* **Available data**
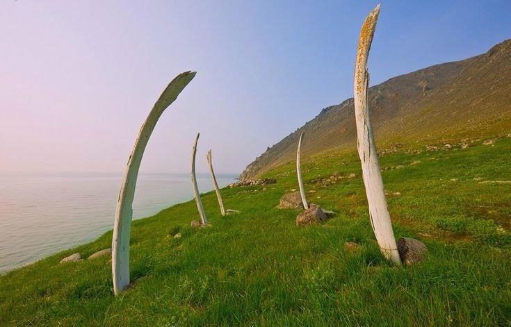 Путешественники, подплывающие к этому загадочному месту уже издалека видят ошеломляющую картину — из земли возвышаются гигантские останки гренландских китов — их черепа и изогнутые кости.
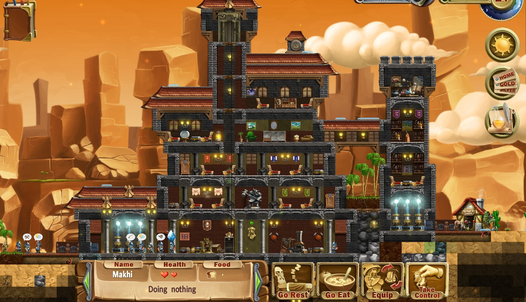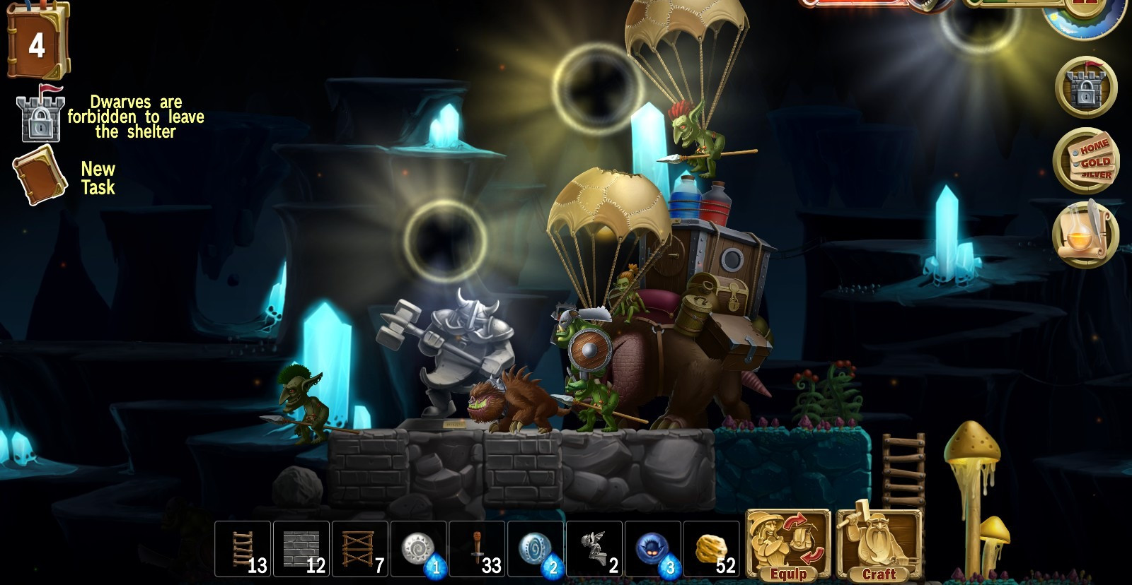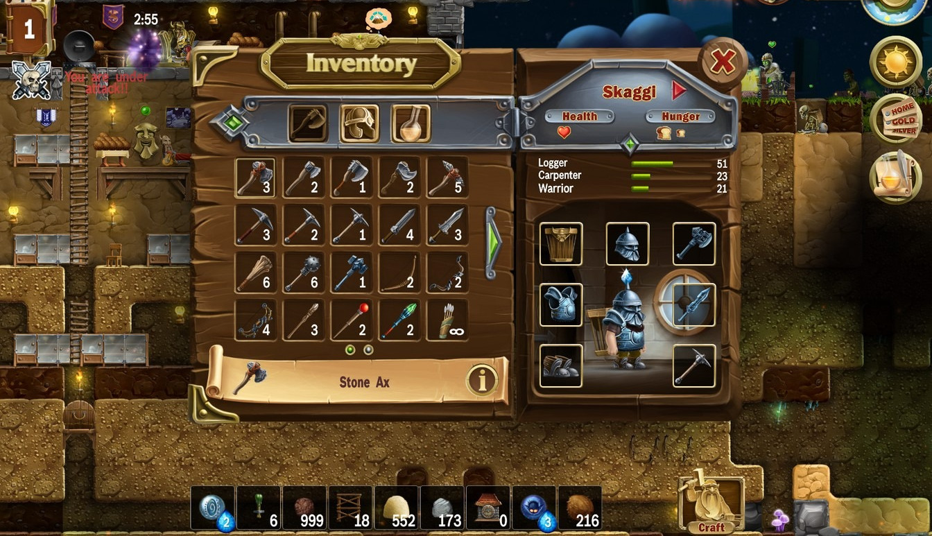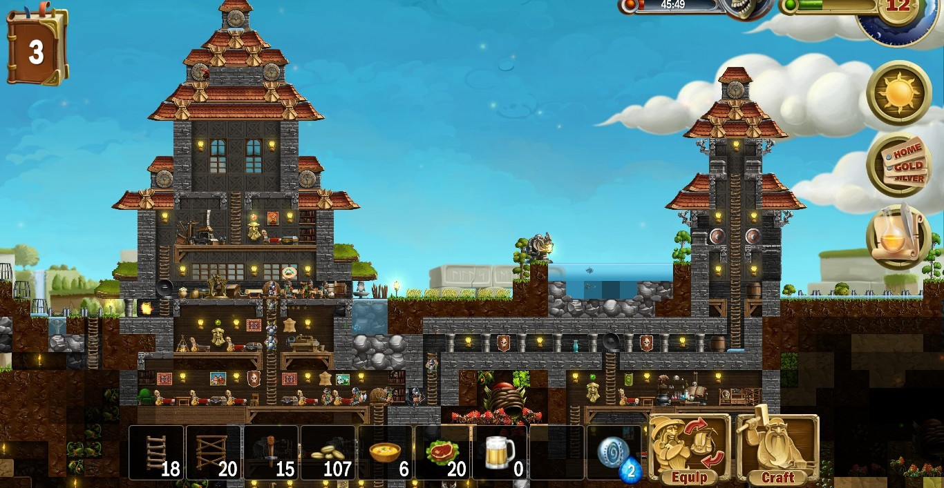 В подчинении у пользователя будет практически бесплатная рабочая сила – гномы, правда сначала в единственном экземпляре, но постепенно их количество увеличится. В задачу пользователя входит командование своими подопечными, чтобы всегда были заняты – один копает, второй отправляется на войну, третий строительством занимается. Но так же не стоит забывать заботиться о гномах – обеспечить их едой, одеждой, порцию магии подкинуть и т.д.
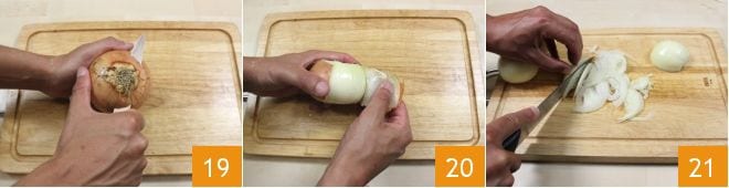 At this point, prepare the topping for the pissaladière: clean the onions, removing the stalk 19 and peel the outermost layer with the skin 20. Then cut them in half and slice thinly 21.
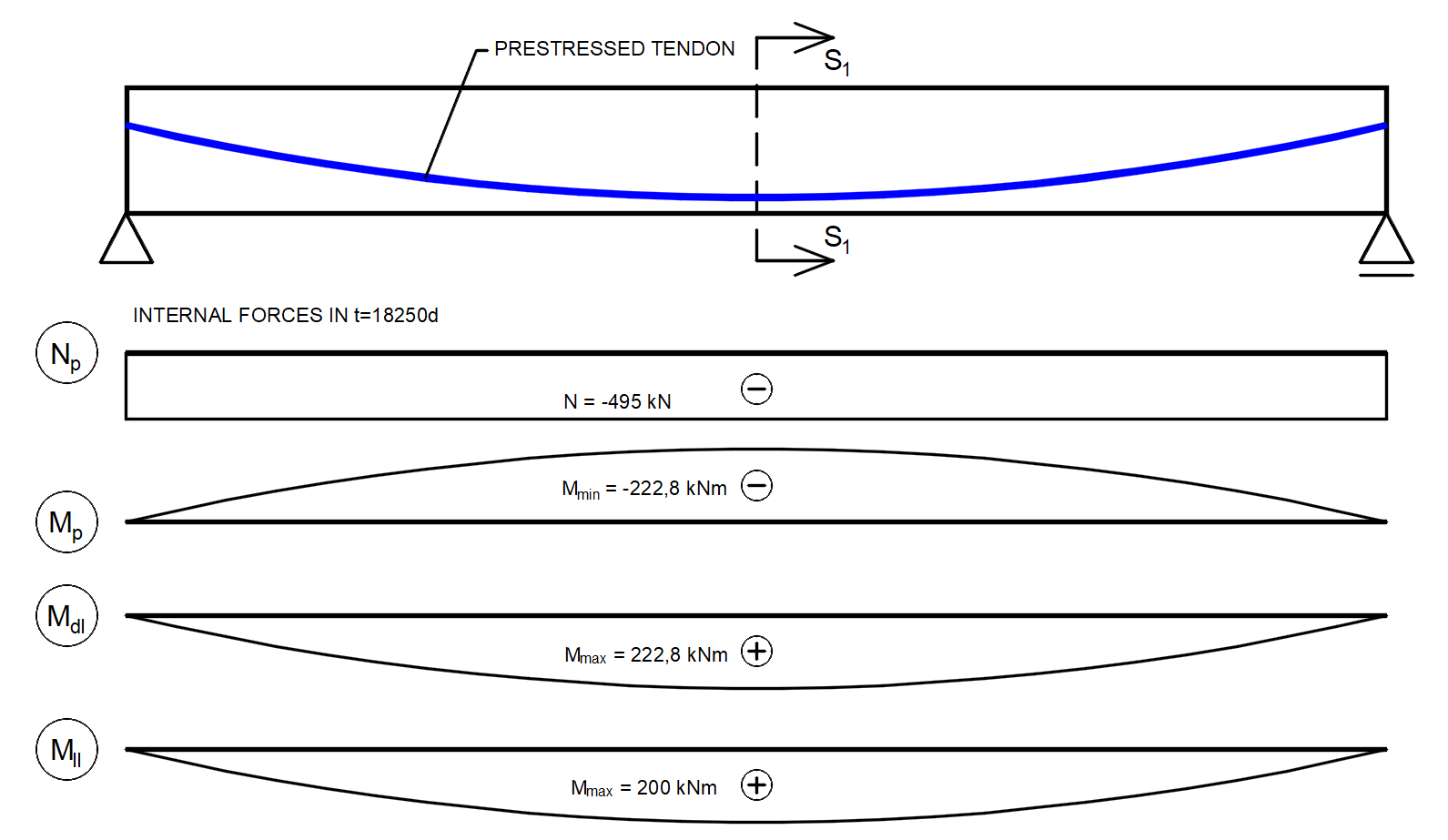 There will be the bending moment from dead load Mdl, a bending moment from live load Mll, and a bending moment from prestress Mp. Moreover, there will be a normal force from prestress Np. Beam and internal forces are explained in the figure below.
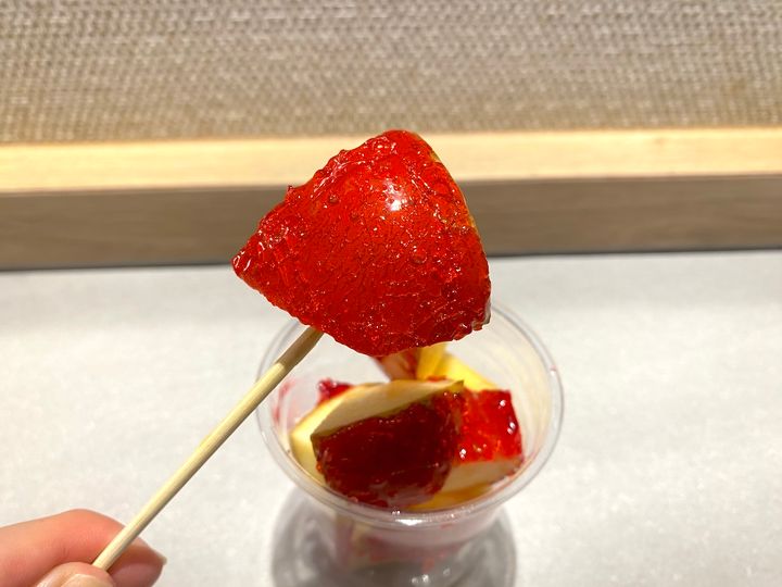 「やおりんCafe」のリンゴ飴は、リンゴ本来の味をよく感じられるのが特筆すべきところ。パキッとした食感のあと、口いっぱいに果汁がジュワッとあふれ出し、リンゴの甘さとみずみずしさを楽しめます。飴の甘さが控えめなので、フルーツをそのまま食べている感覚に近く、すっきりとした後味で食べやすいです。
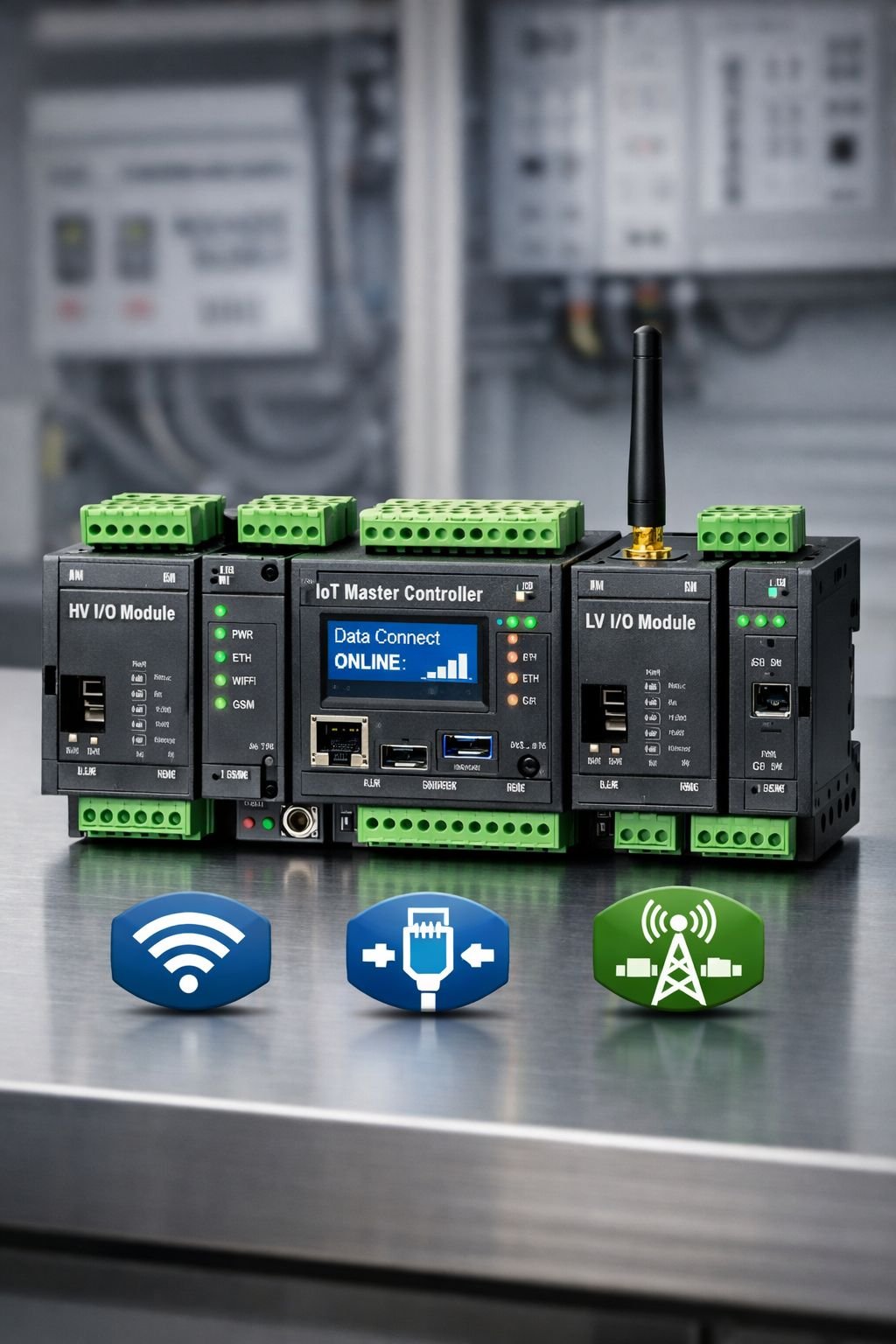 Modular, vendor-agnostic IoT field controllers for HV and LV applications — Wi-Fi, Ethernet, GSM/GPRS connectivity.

* **Exercise aim**
Only the lines from the one containing "В подчинении у" through the end of the data above are to be output, exactly and without pictures.

* **Worked solution**
 В подчинении у пользователя будет практически бесплатная рабочая сила – гномы, правда сначала в единственном экземпляре, но постепенно их количество увеличится. В задачу пользователя входит командование своими подопечными, чтобы всегда были заняты – один копает, второй отправляется на войну, третий строительством занимается. Но так же не стоит забывать заботиться о гномах – обеспечить их едой, одеждой, порцию магии подкинуть и т.д.
 At this point, prepare the topping for the pissaladière: clean the onions, removing the stalk 19 and peel the outermost layer with the skin 20. Then cut them in half and slice thinly 21.
 There will be the bending moment from dead load Mdl, a bending moment from live load Mll, and a bending moment from prestress Mp. Moreover, there will be a normal force from prestress Np. Beam and internal forces are explained in the figure below.
 「やおりんCafe」のリンゴ飴は、リンゴ本来の味をよく感じられるのが特筆すべきところ。パキッとした食感のあと、口いっぱいに果汁がジュワッとあふれ出し、リンゴの甘さとみずみずしさを楽しめます。飴の甘さが控えめなので、フルーツをそのまま食べている感覚に近く、すっきりとした後味で食べやすいです。
 Modular, vendor-agnostic IoT field controllers for HV and LV applications — Wi-Fi, Ethernet, GSM/GPRS connectivity.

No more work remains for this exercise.